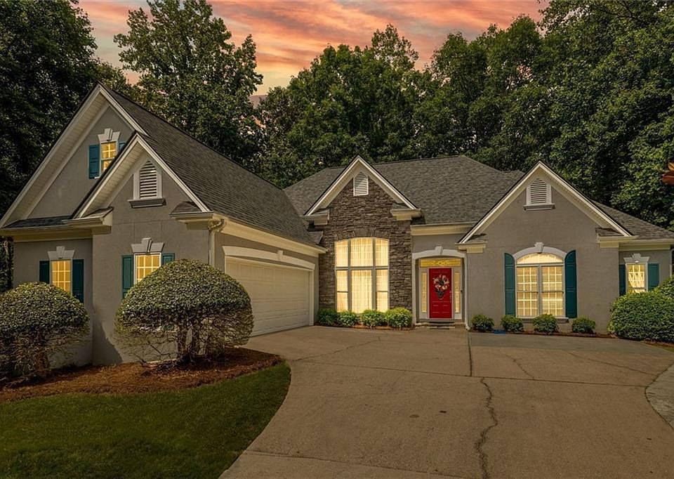 Step into the kind of home that truly feels like a retreat. This 5-bedroom, 4-bath custom-built ranch plan by Frank Beltz is tucked away on a quiet cul-de-sac and surrounded by trees that offer tons of privacy and natural beauty. Inside, you’ll find a bright and welcoming foyer that opens to a flexible room—perfect as a home office or cozy sitting area—alongside a formal dining room. Beautiful hardwood floors stretch through the main living areas, giving everything a warm, polished feel. The main floor’s private ensuite feels like its own sanctuary, complete with a sitting area, access to a private deck, and a stylishly updated bathroom. Looking for space to spread out? The finished basement checks all the boxes, offering a large family room, bedroom, full bath, walk-in closet, a heated shop, and even a second driveway leading to an oversized garage ideal for storing your boat, tools, or weekend gear. Thoughtful upgrades include a 75-gallon gas water heater, copper plumbing, and recent updates to major systems—HVAC (2021), roof (2020), and a freshly updated deck (2024) with new decking and railings. There’s also plenty of extra parking thanks to the extended second driveway. The backyard offers both peaceful views and playful potential. Think treehouse, garden, or even paths that lead you right out to Lake Lanier via Corps of Engineers property. You’ll also have access to neighborhood amenities like tennis courts, pickleball, and a community pool. Plus, you're just 5 minutes from the Bolding Mill boat ramp. Stucco is hardcoat and warranty available. Ask about the buy down rate.
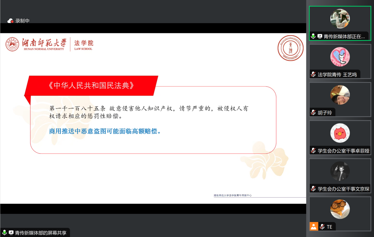 4月26日晚,针对学生宣传工作的版权保护专题讲座由我院青年传媒中心组织。2023级、2024级本科生宣传委员及院团委、学生会代表线上参与讲座。三位主讲人结合《著作权法》条款与真实案例,分别从推送图片使用、文章撰写引用、海报设计等维度,解析版权侵权风险并提出合规建议。新媒体部部长杨希瑶以“校园新媒体图片侵权纠纷”为例,梳理图片使用中的法律风险;评论部部长曹彤通过实务案例强调著作引用与改编的授权界限;网络文化办公室部长范雨萱则针对海报设计中的字体、图片版权问题,提出“高危侵权点”警示与实操建议。院青年传媒中心主任王艺鸣在总结中强调,讲座旨在提升学生版权保护意识,推动宣传工作规范发展。活动尾声的答题环节进一步巩固了学习成果。
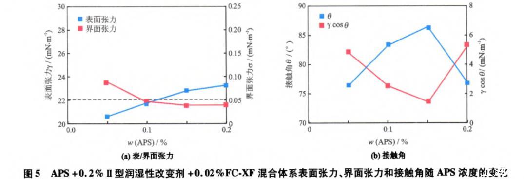 從圖5(a)中可以看出,隨著APS質(zhì)量分?jǐn)?shù)的增加,體系的表面張力增大,界面張力減小,這與FXCF對(duì)表/界面張力的影響機(jī)制相同。從圖5(b)中可以看出,隨著APS質(zhì)量分?jǐn)?shù)的增加,體系與巖石的接觸角先增加再減小,相應(yīng)的γcosθ先減小再增大,均出現(xiàn)極值點(diǎn),這與圖4(b)的變化趨勢(shì)不同。這是因?yàn)槲舰蛐蜐?rùn)濕性改變劑和FC-XF使得巖石表面由水濕轉(zhuǎn)變?yōu)槿跤H水性潤(rùn)濕(接觸角<75°),更易于吸附APS的親水頭基而使碳?xì)滏溤趲r石表面暴露,這降低了巖石表面的親水性,因而隨著APS質(zhì)量分?jǐn)?shù)的增加接觸角增大。但是,當(dāng)APS質(zhì)量分?jǐn)?shù)大于0.15%后,過多的APS分子可能在巖石表面發(fā)生雙分子層吸附或因競(jìng)爭(zhēng)吸附而降低Ⅱ型潤(rùn)濕性改變劑的吸附量,使得巖石表面的親水性增加。而且,接觸角的變化決定了γcosθ的變化趨勢(shì),因而接觸角和γcosθ隨APS質(zhì)量分?jǐn)?shù)的變化曲線中均出現(xiàn)極值點(diǎn)。
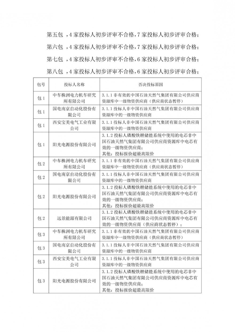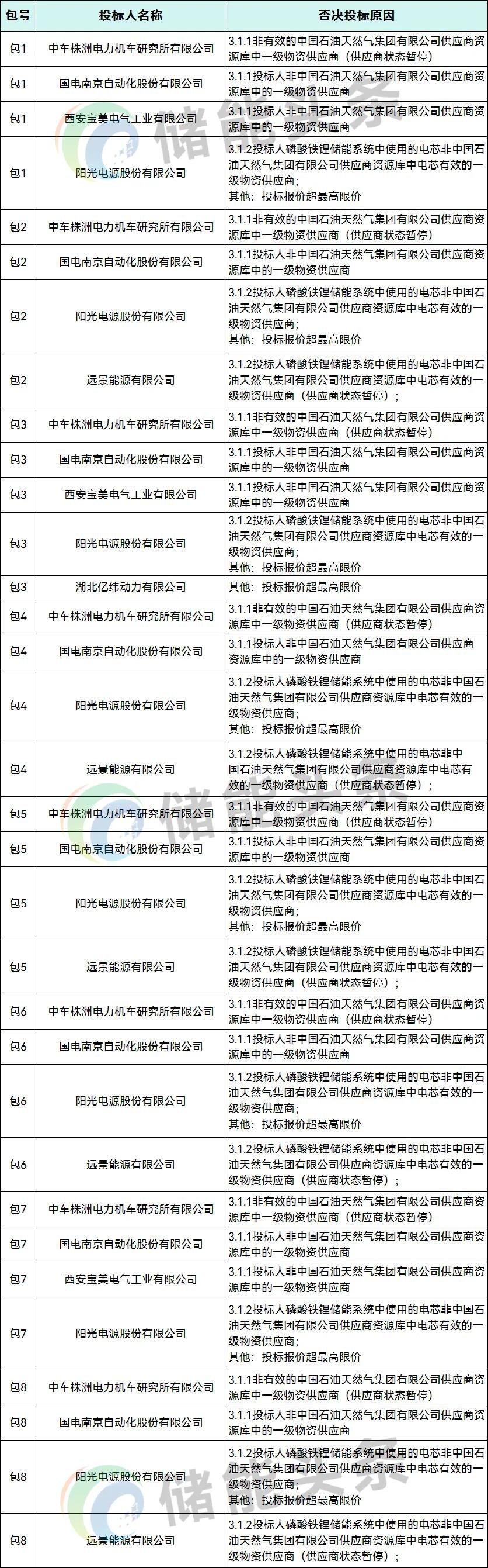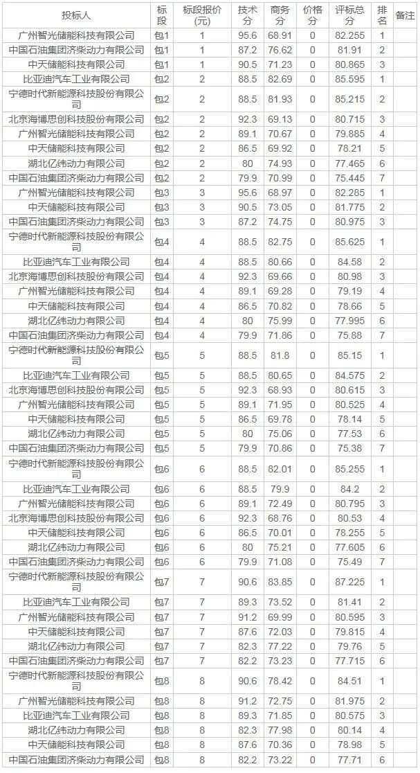 广州智光储能科技有限公司、中国石油集团济柴动力有限公司、中天储能科技有限公司入围8个标包;
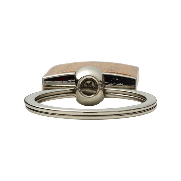 Porta-chaves de metal e madeira, com anel de aço inoxidável. Apresentado individualmente em um polybag.

□ □ □

ASSIGNED TASK
Only the pictures are to be omitted; restate everything else above exactly.

RESPONSE TO THIS TASK
 Step into the kind of home that truly feels like a retreat. This 5-bedroom, 4-bath custom-built ranch plan by Frank Beltz is tucked away on a quiet cul-de-sac and surrounded by trees that offer tons of privacy and natural beauty. Inside, you’ll find a bright and welcoming foyer that opens to a flexible room—perfect as a home office or cozy sitting area—alongside a formal dining room. Beautiful hardwood floors stretch through the main living areas, giving everything a warm, polished feel. The main floor’s private ensuite feels like its own sanctuary, complete with a sitting area, access to a private deck, and a stylishly updated bathroom. Looking for space to spread out? The finished basement checks all the boxes, offering a large family room, bedroom, full bath, walk-in closet, a heated shop, and even a second driveway leading to an oversized garage ideal for storing your boat, tools, or weekend gear. Thoughtful upgrades include a 75-gallon gas water heater, copper plumbing, and recent updates to major systems—HVAC (2021), roof (2020), and a freshly updated deck (2024) with new decking and railings. There’s also plenty of extra parking thanks to the extended second driveway. The backyard offers both peaceful views and playful potential. Think treehouse, garden, or even paths that lead you right out to Lake Lanier via Corps of Engineers property. You’ll also have access to neighborhood amenities like tennis courts, pickleball, and a community pool. Plus, you're just 5 minutes from the Bolding Mill boat ramp. Stucco is hardcoat and warranty available. Ask about the buy down rate.
 4月26日晚,针对学生宣传工作的版权保护专题讲座由我院青年传媒中心组织。2023级、2024级本科生宣传委员及院团委、学生会代表线上参与讲座。三位主讲人结合《著作权法》条款与真实案例,分别从推送图片使用、文章撰写引用、海报设计等维度,解析版权侵权风险并提出合规建议。新媒体部部长杨希瑶以“校园新媒体图片侵权纠纷”为例,梳理图片使用中的法律风险;评论部部长曹彤通过实务案例强调著作引用与改编的授权界限;网络文化办公室部长范雨萱则针对海报设计中的字体、图片版权问题,提出“高危侵权点”警示与实操建议。院青年传媒中心主任王艺鸣在总结中强调,讲座旨在提升学生版权保护意识,推动宣传工作规范发展。活动尾声的答题环节进一步巩固了学习成果。
 從圖5(a)中可以看出,隨著APS質(zhì)量分?jǐn)?shù)的增加,體系的表面張力增大,界面張力減小,這與FXCF對(duì)表/界面張力的影響機(jī)制相同。從圖5(b)中可以看出,隨著APS質(zhì)量分?jǐn)?shù)的增加,體系與巖石的接觸角先增加再減小,相應(yīng)的γcosθ先減小再增大,均出現(xiàn)極值點(diǎn),這與圖4(b)的變化趨勢(shì)不同。這是因?yàn)槲舰蛐蜐?rùn)濕性改變劑和FC-XF使得巖石表面由水濕轉(zhuǎn)變?yōu)槿跤H水性潤(rùn)濕(接觸角<75°),更易于吸附APS的親水頭基而使碳?xì)滏溤趲r石表面暴露,這降低了巖石表面的親水性,因而隨著APS質(zhì)量分?jǐn)?shù)的增加接觸角增大。但是,當(dāng)APS質(zhì)量分?jǐn)?shù)大于0.15%后,過多的APS分子可能在巖石表面發(fā)生雙分子層吸附或因競(jìng)爭(zhēng)吸附而降低Ⅱ型潤(rùn)濕性改變劑的吸附量,使得巖石表面的親水性增加。而且,接觸角的變化決定了γcosθ的變化趨勢(shì),因而接觸角和γcosθ隨APS質(zhì)量分?jǐn)?shù)的變化曲線中均出現(xiàn)極值點(diǎn)。
 广州智光储能科技有限公司、中国石油集团济柴动力有限公司、中天储能科技有限公司入围8个标包;
 Porta-chaves de metal e madeira, com anel de aço inoxidável. Apresentado individualmente em um polybag.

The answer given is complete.